Sunday, September 07, 2003
Friendster's Fifteen Minutes 
Friendster. It started off being about getting me some PiVa. Mission PiVa, we called it. Penis in Vagina Action. But then it became so much more. Do my curls look big in this? How about my interests? Are they swish enough? Do my testimonials reflect who I *really* am, or - better - who I'd *really* like to be?

The moral implications of the thing - is Will TRULY your friend? Only proceed if Will is TRULY your friend - soon cast aside, one's Friendster list grows. Attempts to define when one passes beyond the realms of 'popular' and into the land of the Friendster Slut are difficult to pinpoint. Is it when one has more than 50 friends? More than 168? More than Har Mar Superstar?

You flit between identities, at first. Should I use my 'RL' name for this? My 'writing' name? Who is the me that's on Friendster? I've never met Ian in real life, but he's still more my friend than Helen, who I have met, briefly, once.

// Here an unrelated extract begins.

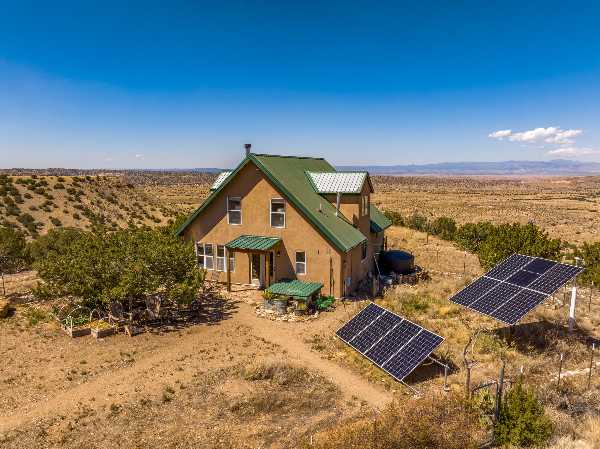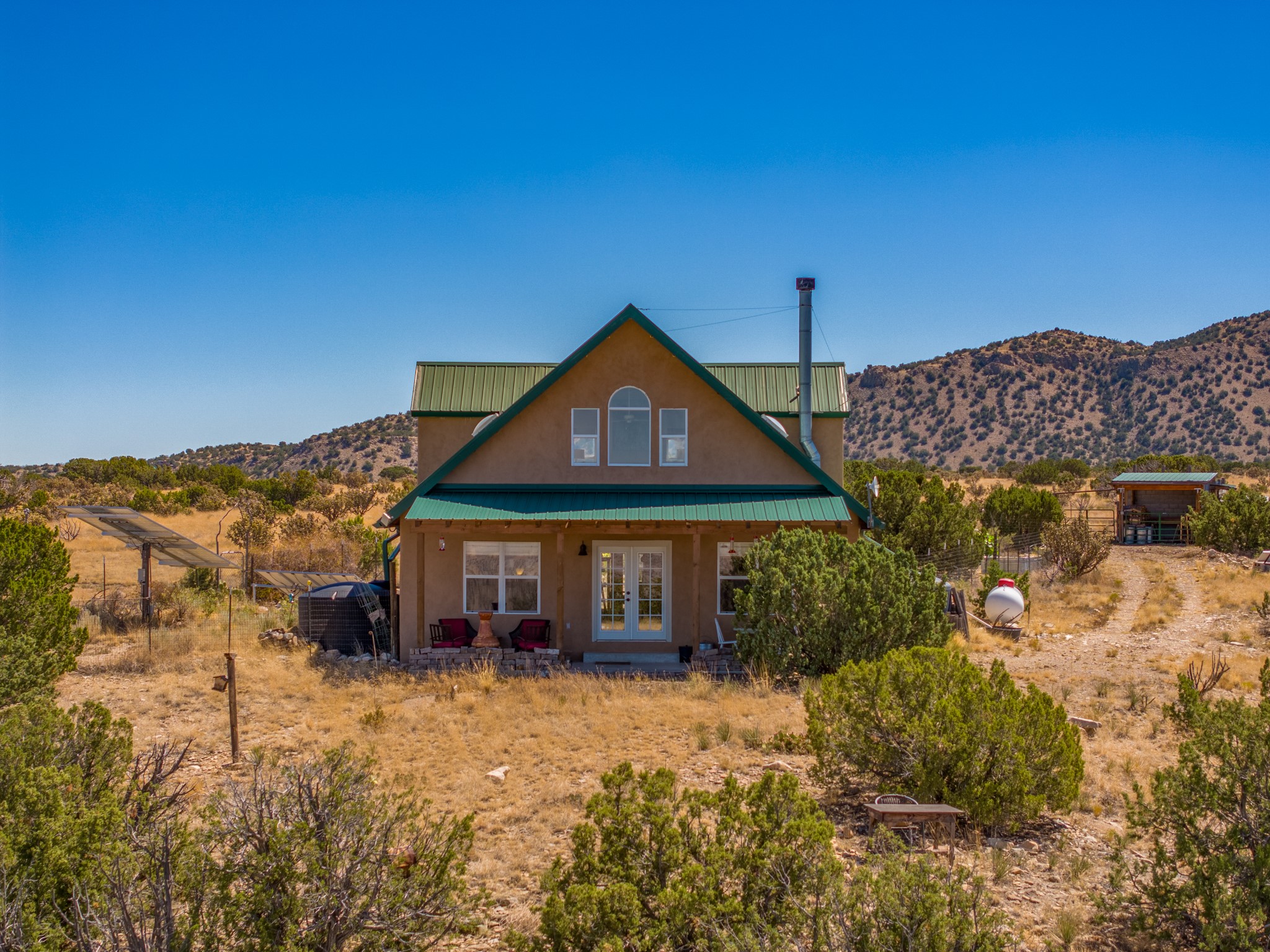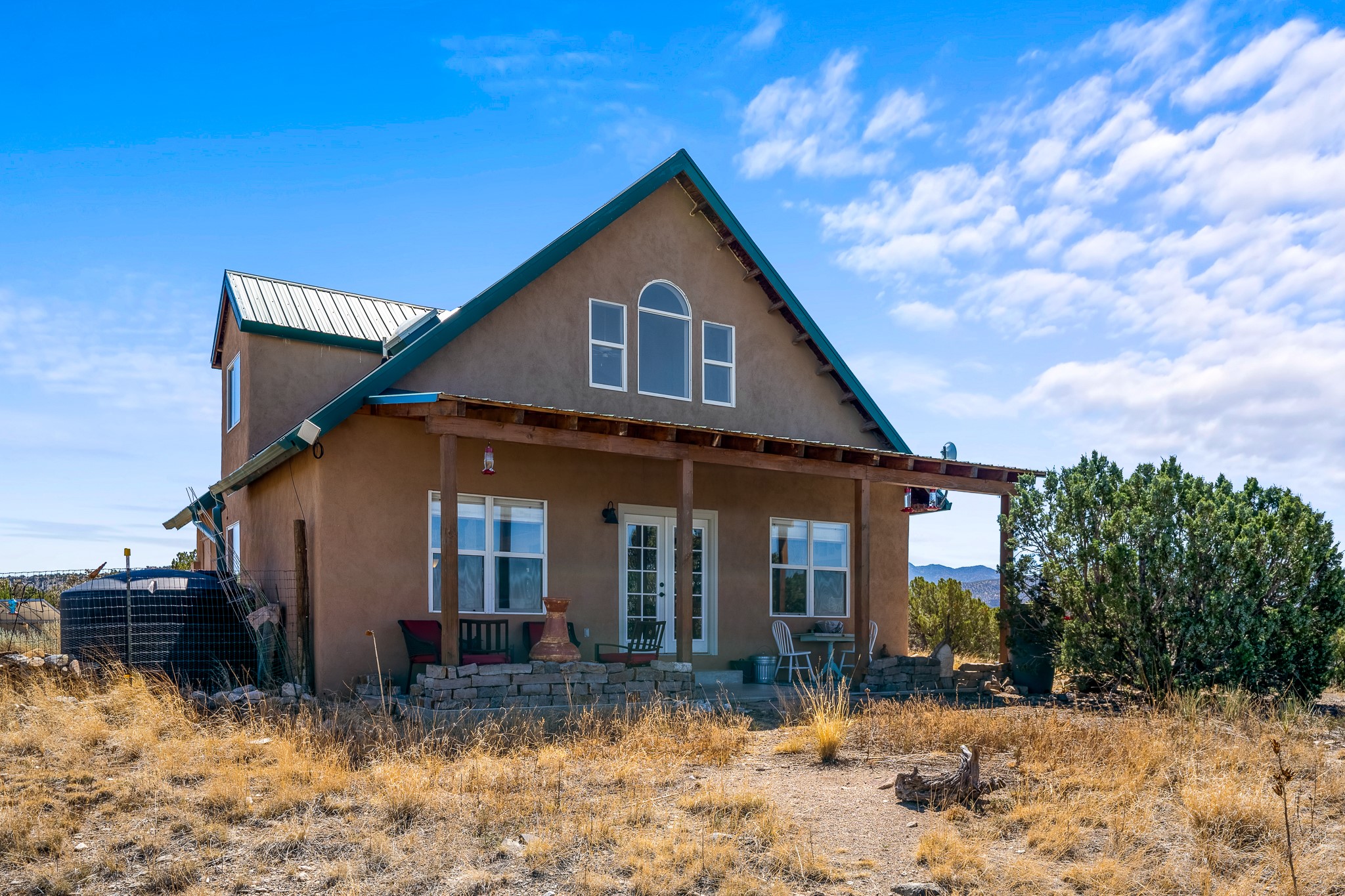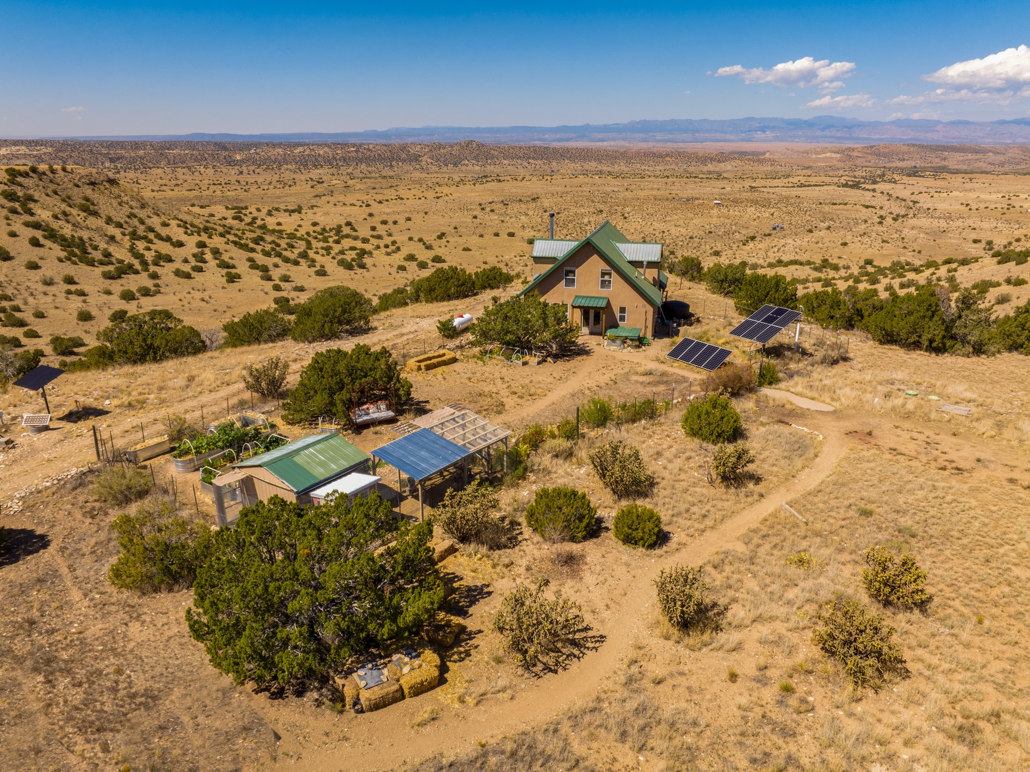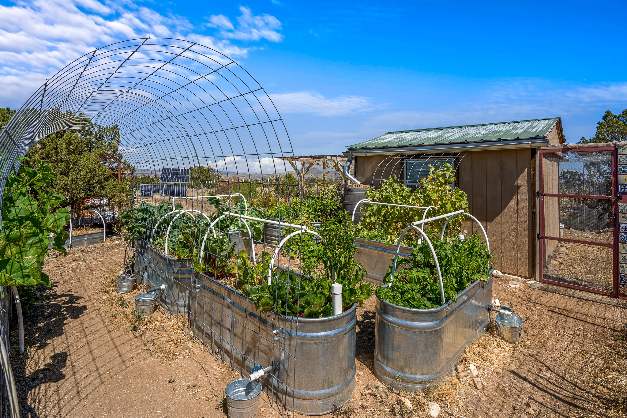 You'll find this high-desert homestead perched on a mesa's edge, with jaw-dropping views in every direction. A high-ceilinged, 1259 square foot home, with one bedroom and one bathroom, sits on 40 acres. This open floor plan home gives many configuration options- a roomy yet cozy space. Property has abundant, thriving gardens, a shed and chicken coop, as well as a corral and space for horses. Water is supplied by a private well, and electricity by the sun. Sellers have recently invested nearly $50,000 in the property, including new solar panels, charge controller, inverters, and batteries, 5600 gallons of water storage (in addition to 3100 gallons of rain catchment), new well pump, booster pump and whole house water filtration system. 3.5 miles from highway 14. Come experience the profound privacy, and quiet this property provides while only being a short hop to the thriving artist community of Madrid and a 45 min drive to Santa Fe. Excellent off the grid property with expansive vistas of the Cerrillos Hills and the Jemez, Sangre de Cristo, Ortiz, and Sandia Mountains.

I chat to Ian on Messenger more frequently and with far more vigour and depth than anything I've ever said to Helen. But then, in real life, Ian might not rescue me from some burning building, because he wouldn't know who the fuck I was. Is that a friend?

Eventually the messages you receive will determine your identity. PRs will contact you. People will ask you if you're the one who does that website. Then it becomes a handy networking tool. You'll know who's going to which gig and who's djing at what bar. All well and good, but...

...but strip all that away, and, ultimately, it's still meant to be a dating site. But once you've ascertained your identity on there, do you really want to display your marital status? Do you really want: 'Interested in meeting people for friends, activity partners, dating (MEN)' up there next to the persona you've struggled so carefully over the last few years to define? Would you put 'PLEASE FUCK ME?' at the end of every article you write? Of course not. So then you're 'Just There To Help!' You know that looks cooler. But who are you helping? And why?

And then you realise you ain't gonna get no PiVa off Friendster. And you run off and join a site where it's blatantly obvious that people are just in it for PiVa, and you spend the evening messaging some 36-year-old restaurant owner from Fuckass, South London, who wouldn't know LCD Soundsystem from his anus, and you know what? You fucking love it. And next time you visit, your finger hovers over the 'delete profile' button. Could Friendster's fifteen minutes be up? Sigh.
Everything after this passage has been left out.